Task statement: Where a line of the listing below includes the word "diversos", reproduce that line.

Records to use:
■ ■ ■ ■

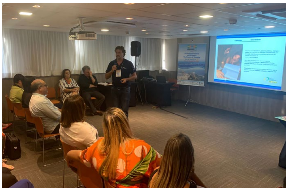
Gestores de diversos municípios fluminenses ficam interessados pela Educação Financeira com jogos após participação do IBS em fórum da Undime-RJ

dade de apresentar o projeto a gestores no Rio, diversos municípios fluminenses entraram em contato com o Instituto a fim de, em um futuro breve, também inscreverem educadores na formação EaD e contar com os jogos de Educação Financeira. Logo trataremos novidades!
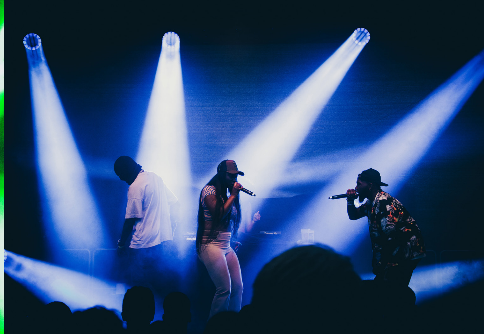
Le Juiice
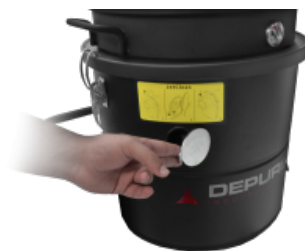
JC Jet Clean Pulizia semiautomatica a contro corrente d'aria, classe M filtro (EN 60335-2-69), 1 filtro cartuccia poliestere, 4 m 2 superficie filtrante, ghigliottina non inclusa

■ ■ ■ ■

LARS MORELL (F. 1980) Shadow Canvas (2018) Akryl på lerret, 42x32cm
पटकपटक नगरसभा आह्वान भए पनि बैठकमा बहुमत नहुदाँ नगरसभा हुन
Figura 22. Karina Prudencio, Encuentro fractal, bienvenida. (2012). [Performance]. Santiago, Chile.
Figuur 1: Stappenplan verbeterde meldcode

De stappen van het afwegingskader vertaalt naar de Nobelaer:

■ ■ ■ ■

Result:
Gestores de diversos municípios fluminenses ficam interessados pela Educação Financeira com jogos após participação do IBS em fórum da Undime-RJ
dade de apresentar o projeto a gestores no Rio, diversos municípios fluminenses entraram em contato com o Instituto a fim de, em um futuro breve, também inscreverem educadores na formação EaD e contar com os jogos de Educação Financeira. Logo trataremos novidades!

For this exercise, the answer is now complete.